§ **PROMPT**
Return all the entries exactly, keeping pictures out.
PROVIDED RECORDS section start
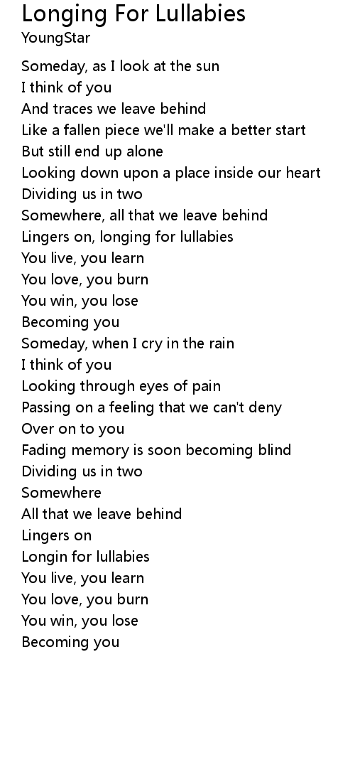 Lingers on, longing for lullabies |
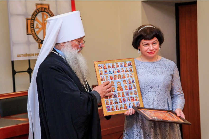 Перед награждением победителей выставки владыка Сергий вручил удостоверения действительных членов ИППО и нагрудные знаки протоиерею Андрею Ушакову и главе Заринского района В. Ш. Азгалдяну.
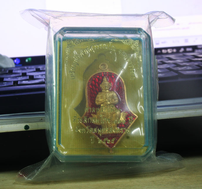เหรียญท้าวเวสสุวรรณ รุ่น สมโภช 121 ปี เนื้อมหาชนวนกาหลั่ยทองลงยาสีแดง หน้าหลัง กล่องเดิม ซีลเดิม ยังไม่แกะ
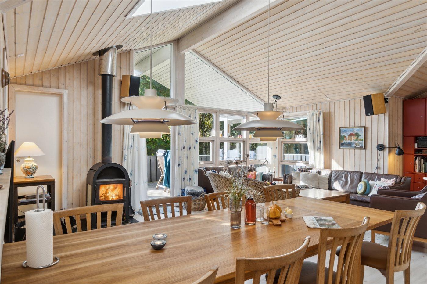 Sommerhuset egner sig til 8 personer samt 1 barn op til 3 år. 2 af sovepladserne er kun egnet til større børn (4-11 år). Ferieboligen er på 113 m² og er bygget i 2000. Det er tilladt at medbringe 2 husdyr. Ferieboligen er udstyret med energibesparende luft til luft varmepumpe. Ferieboligen har vaskemaskine. Tørretumbler. Frysekapacitet på 46 liter. Der er desuden brændeovn. Til de små er der 1 stk. barnestol.
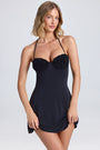 • Halterneck Ruffle-Appliqué A-Line Mini Dress in Black
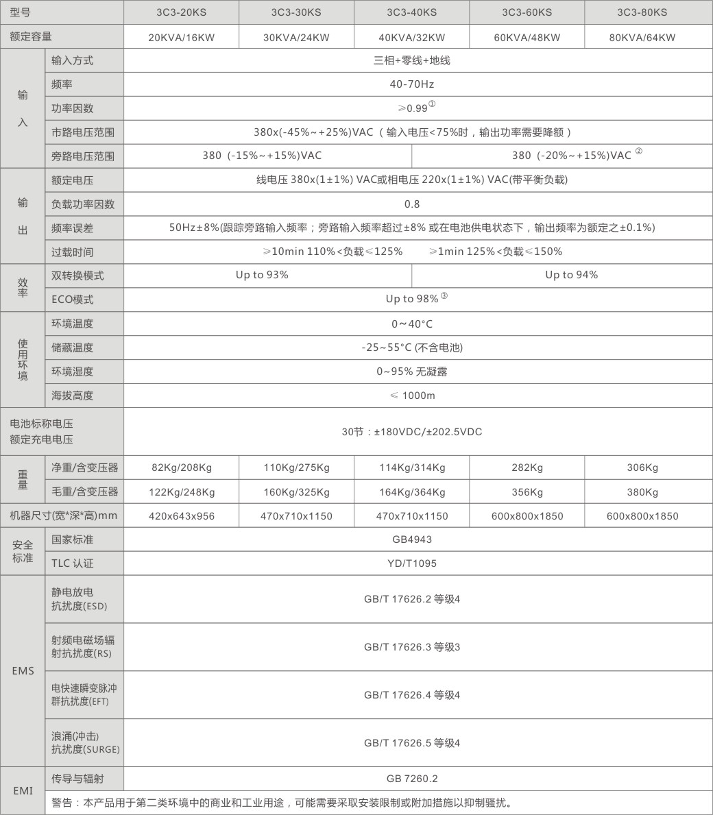 ③3C3-20KS-40KS支持單機ECO模式,3C3-60KS-80KS單機或并機系統(tǒng)下都支持ECO模式。
PROVIDED RECORDS section end
§ **WRITTEN ANSWER**
 Lingers on, longing for lullabies |
 Перед награждением победителей выставки владыка Сергий вручил удостоверения действительных членов ИППО и нагрудные знаки протоиерею Андрею Ушакову и главе Заринского района В. Ш. Азгалдяну.
เหรียญท้าวเวสสุวรรณ รุ่น สมโภช 121 ปี เนื้อมหาชนวนกาหลั่ยทองลงยาสีแดง หน้าหลัง กล่องเดิม ซีลเดิม ยังไม่แกะ
 Sommerhuset egner sig til 8 personer samt 1 barn op til 3 år. 2 af sovepladserne er kun egnet til større børn (4-11 år). Ferieboligen er på 113 m² og er bygget i 2000. Det er tilladt at medbringe 2 husdyr. Ferieboligen er udstyret med energibesparende luft til luft varmepumpe. Ferieboligen har vaskemaskine. Tørretumbler. Frysekapacitet på 46 liter. Der er desuden brændeovn. Til de små er der 1 stk. barnestol.
 • Halterneck Ruffle-Appliqué A-Line Mini Dress in Black
 ③3C3-20KS-40KS支持單機ECO模式,3C3-60KS-80KS單機或并機系統(tǒng)下都支持ECO模式。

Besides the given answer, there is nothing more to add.